▸ **WHAT TO WORK ON**:
Although the data below contains pictures, output only the lines between those holding "Belle lettre inédite" and "La cucina, moderna", inclusive, exactly and without those pictures.

▸ **DATA FOR THIS TASK**:
"""

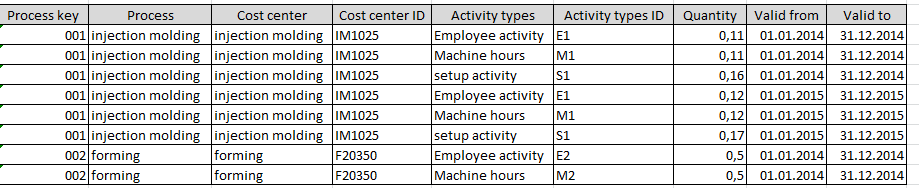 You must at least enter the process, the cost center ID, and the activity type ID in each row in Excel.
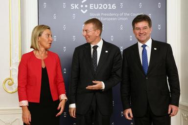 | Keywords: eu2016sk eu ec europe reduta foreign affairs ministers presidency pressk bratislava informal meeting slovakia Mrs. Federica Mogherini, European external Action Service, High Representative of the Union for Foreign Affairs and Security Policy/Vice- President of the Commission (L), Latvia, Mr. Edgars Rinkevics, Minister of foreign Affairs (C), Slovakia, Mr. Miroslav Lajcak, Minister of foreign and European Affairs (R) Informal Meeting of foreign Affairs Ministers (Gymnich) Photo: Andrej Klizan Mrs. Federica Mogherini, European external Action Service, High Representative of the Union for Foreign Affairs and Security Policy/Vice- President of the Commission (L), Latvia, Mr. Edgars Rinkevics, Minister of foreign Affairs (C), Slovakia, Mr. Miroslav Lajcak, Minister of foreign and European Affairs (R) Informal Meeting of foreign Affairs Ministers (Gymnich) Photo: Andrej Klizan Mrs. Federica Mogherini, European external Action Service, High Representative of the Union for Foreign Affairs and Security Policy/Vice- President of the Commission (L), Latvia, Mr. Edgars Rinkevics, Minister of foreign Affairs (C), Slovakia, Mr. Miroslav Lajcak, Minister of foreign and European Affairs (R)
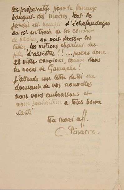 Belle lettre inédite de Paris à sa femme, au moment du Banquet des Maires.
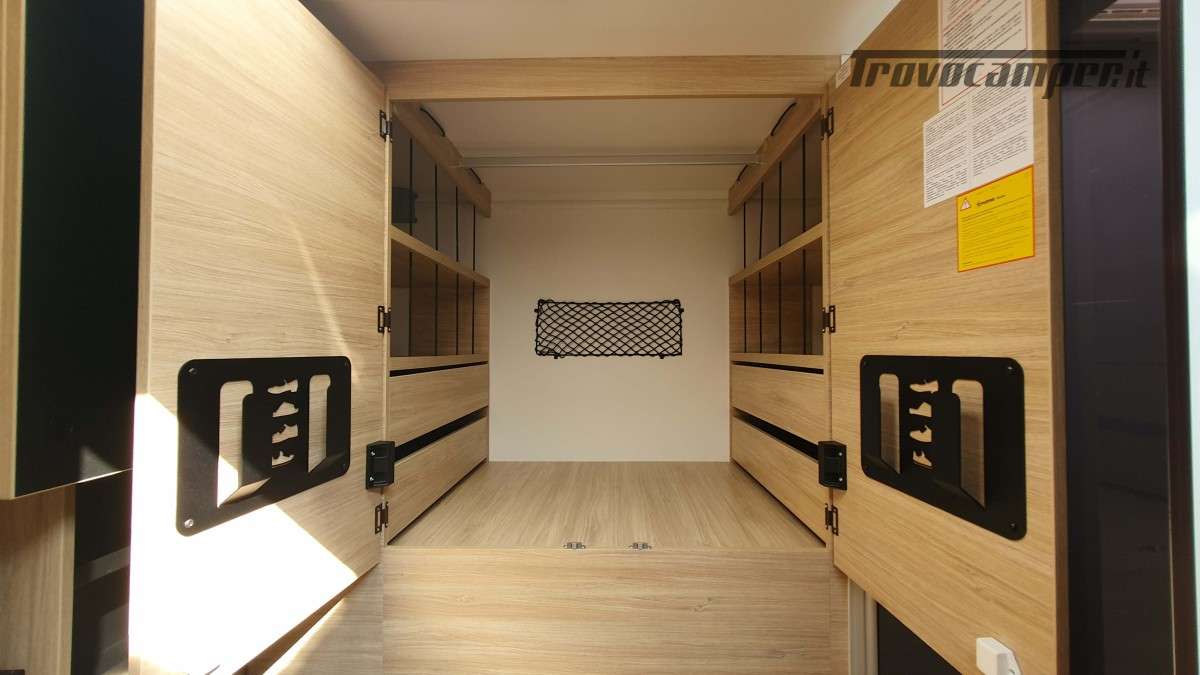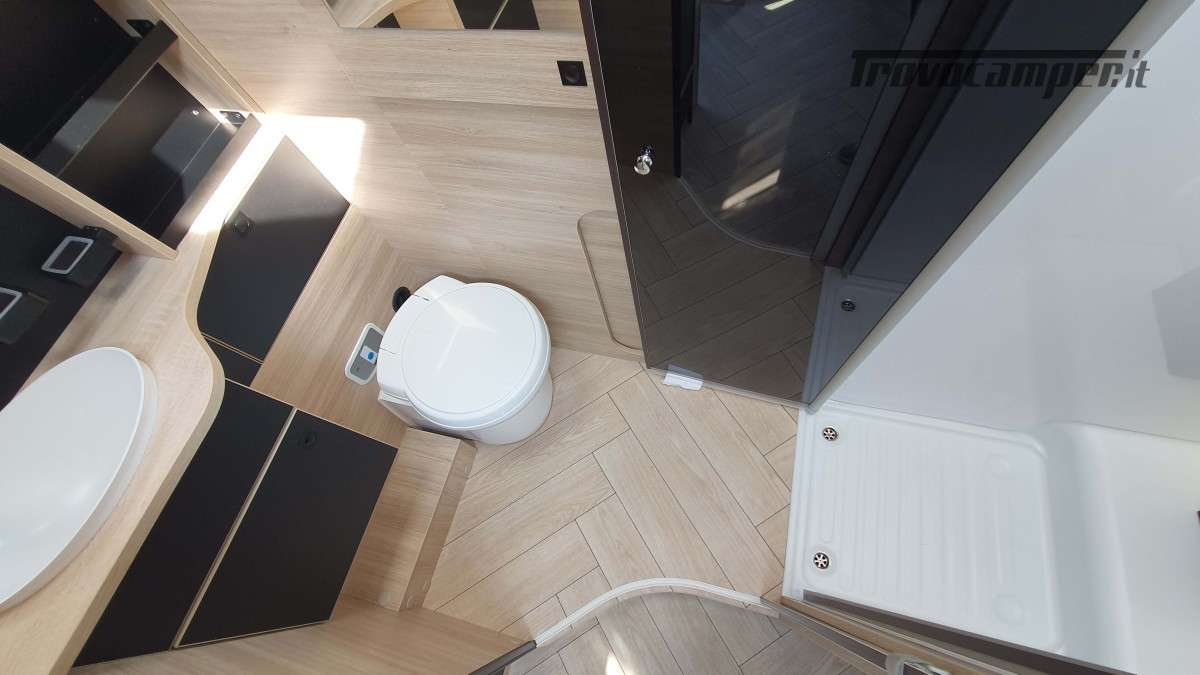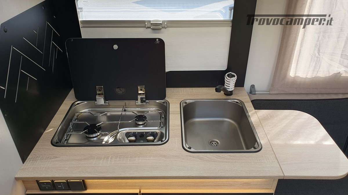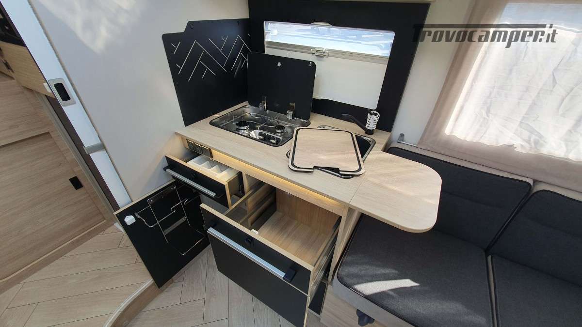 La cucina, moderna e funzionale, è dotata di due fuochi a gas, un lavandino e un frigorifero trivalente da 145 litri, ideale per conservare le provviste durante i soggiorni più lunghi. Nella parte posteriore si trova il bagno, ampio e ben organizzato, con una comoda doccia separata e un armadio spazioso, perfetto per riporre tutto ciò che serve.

"""
"""

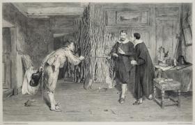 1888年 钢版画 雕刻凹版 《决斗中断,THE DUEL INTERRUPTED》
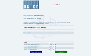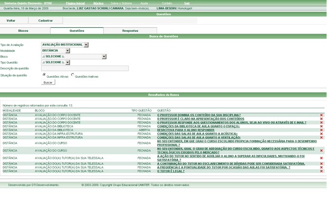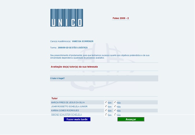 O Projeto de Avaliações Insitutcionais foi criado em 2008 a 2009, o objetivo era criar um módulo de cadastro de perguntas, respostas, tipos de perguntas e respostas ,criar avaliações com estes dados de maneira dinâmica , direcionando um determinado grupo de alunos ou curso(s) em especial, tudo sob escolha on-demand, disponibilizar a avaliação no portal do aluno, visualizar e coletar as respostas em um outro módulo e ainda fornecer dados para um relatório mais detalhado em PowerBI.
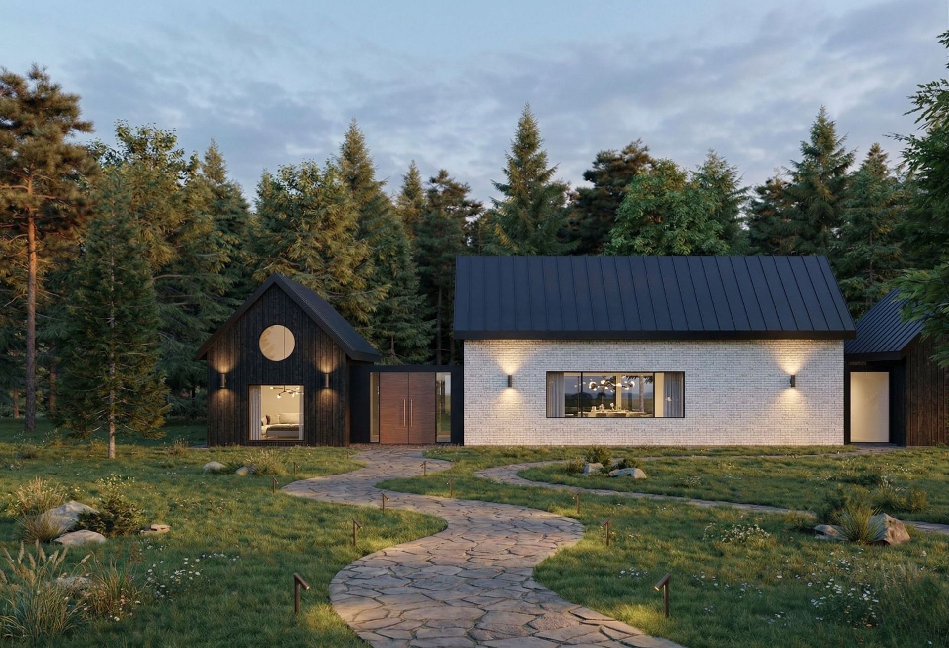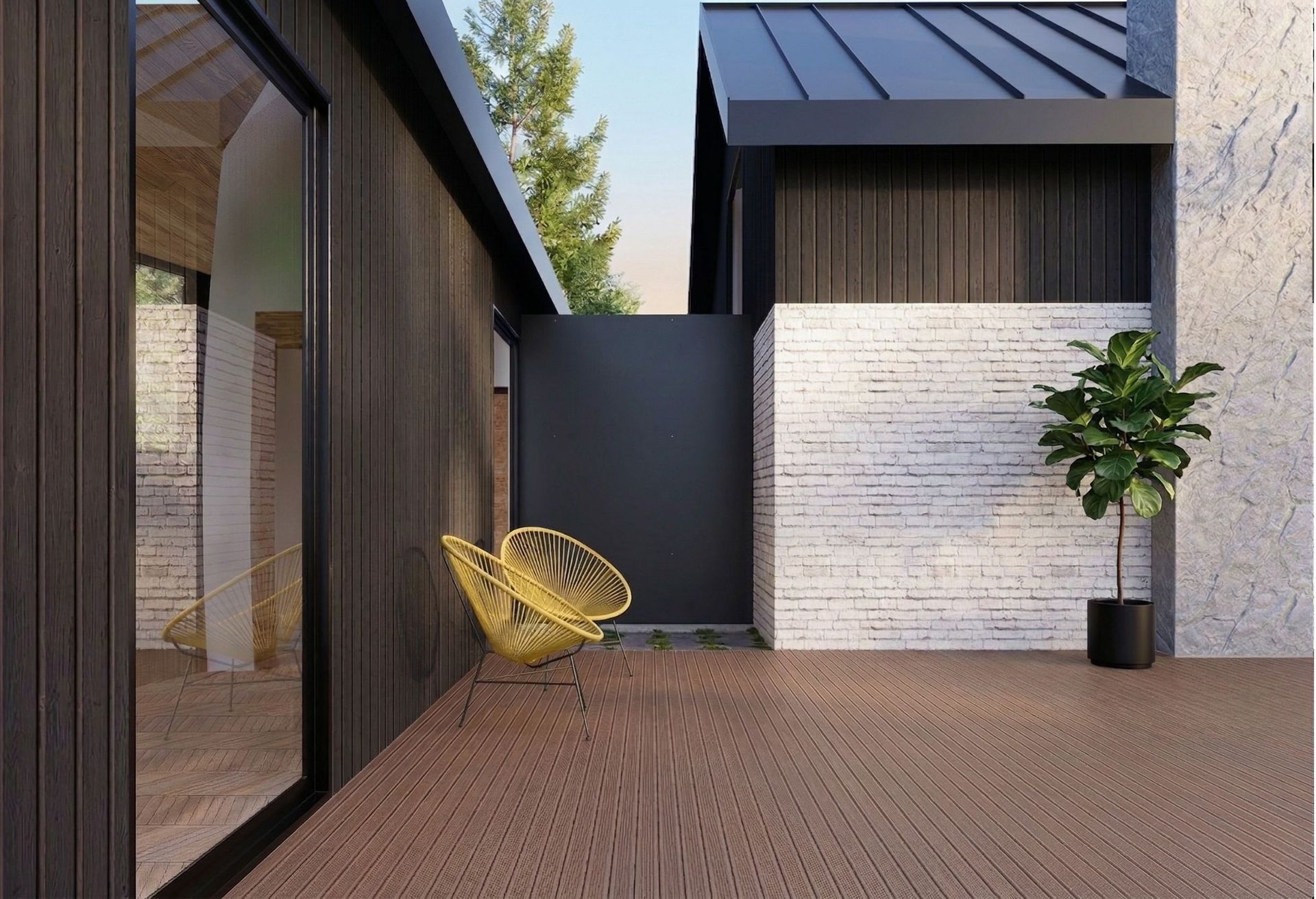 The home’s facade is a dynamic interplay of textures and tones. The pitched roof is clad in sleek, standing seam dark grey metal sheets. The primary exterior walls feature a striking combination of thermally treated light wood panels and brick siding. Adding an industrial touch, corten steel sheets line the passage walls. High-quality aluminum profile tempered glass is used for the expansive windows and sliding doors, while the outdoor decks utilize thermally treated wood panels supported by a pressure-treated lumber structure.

"""
"""

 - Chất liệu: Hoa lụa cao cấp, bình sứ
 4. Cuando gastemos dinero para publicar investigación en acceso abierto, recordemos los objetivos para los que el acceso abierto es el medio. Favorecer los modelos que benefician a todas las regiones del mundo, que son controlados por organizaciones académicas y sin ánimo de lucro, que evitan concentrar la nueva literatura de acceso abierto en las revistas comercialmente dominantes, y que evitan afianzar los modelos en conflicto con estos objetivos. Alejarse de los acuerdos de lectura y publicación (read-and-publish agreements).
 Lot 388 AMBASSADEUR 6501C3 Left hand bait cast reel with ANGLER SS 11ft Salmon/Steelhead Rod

"""

▸ **ANSWER AREA**:
 Belle lettre inédite de Paris à sa femme, au moment du Banquet des Maires.
 La cucina, moderna e funzionale, è dotata di due fuochi a gas, un lavandino e un frigorifero trivalente da 145 litri, ideale per conservare le provviste durante i soggiorni più lunghi. Nella parte posteriore si trova il bagno, ampio e ben organizzato, con una comoda doccia separata e un armadio spazioso, perfetto per riporre tutto ciò che serve.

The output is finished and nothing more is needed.